Soccer Football - Ligue 1 - RC Lens v Stade Rennes - Stade Bollaert-Delelis, Lens, France - February 7, 2026  Stade Rennes' Jeremy Jacquet in action REUTERS/Benoit Tessier
Soccer Football - Ligue 1 - RC Lens v Stade Rennes - Stade Bollaert-Delelis, Lens, France - February 7, 2026 Stade Rennes' Jeremy Jacquet in action REUTERS/Benoit Tessier

Liverpool's new signing Jeremy Jacquet suffered a "serious" shoulder injury while playing for Rennes in their 3-1 Ligue 1 defeat at RC Lens on Saturday, casting doubt over the defender’s availability ahead of his summer move to Anfield.

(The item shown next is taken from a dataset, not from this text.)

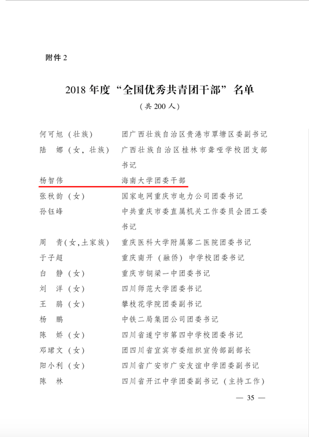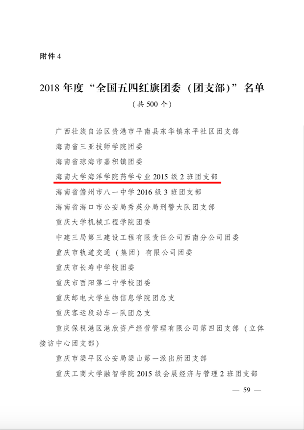 “五?四”青年节前夕,共青团中央在全国范围内表彰了一批“全国优秀共青干部”和“全国五四红旗团委(团支部)部”。我校团委杨智伟老师在此次表彰中被团中央授予“全国优秀共青团干部”称号,海洋学院药学专业2015级2班团支部被团中央授予全国五四红旗团委(团支部)称号。据悉,海南省此次共有1人获得2018年度“全国优秀共青团干部”称号,5个团组织获得全国五四红旗团委(团支部)称号。

Jacquet fell awkwardly in the second half of the ⁠French league match and appeared in agony as he left the pitch.

"For Jeremy, it's his shoulder, and for Abdelhamid (Ait Boudlal, another Rennes player injured in the ⁠same match) it's muscular," Rennes head coach Habib Beye told reporters after the match.

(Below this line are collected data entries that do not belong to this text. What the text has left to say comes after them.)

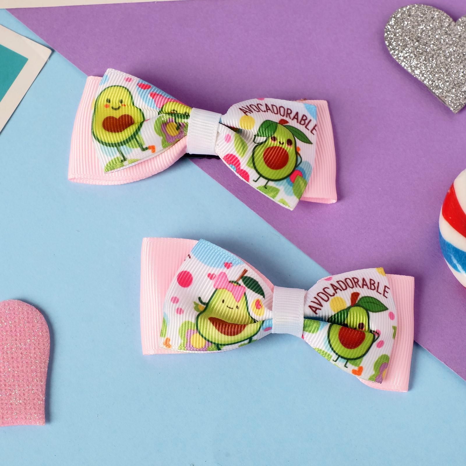 Зажим для волос "Бантик Авокадик" (набор 2 шт) двойной, 4,5 см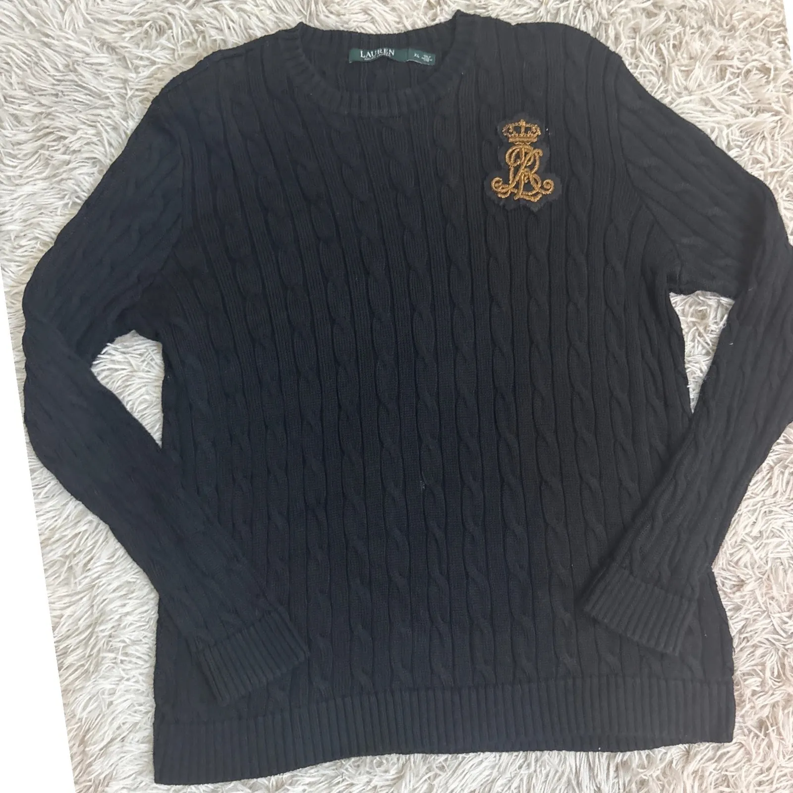 Wrap yourself in timeless elegance with this Lauren Ralph Lauren black cable knit sweater. The intr... Show more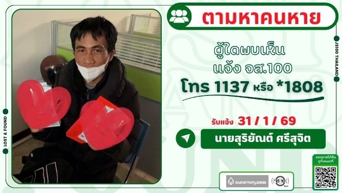 พบแมวพลัดหลง ในซอยสงวนสุข ใกล้สี่แยกราชวัตร เขตดุสิต ผู้ใดเป็นเจ้าของแจ้ง JS100 โทร *1808 หรือ 1137

"We'll have time to see, but it's definitely quite serious for both of them."
Liverpool agreed a 60-million-pound ($80-million) deal for Jacquet on Monday, but the 20-year-old defender will stay with ⁠the French club until the end of the season.

Liverpool, provisionally sixth in the Premier League table, will face Manchester City on Sunday with four defenders - Giovanni Leoni, Joe Gomez, Jeremie Frimpong and Conor Bradley - sidelined due to injuries.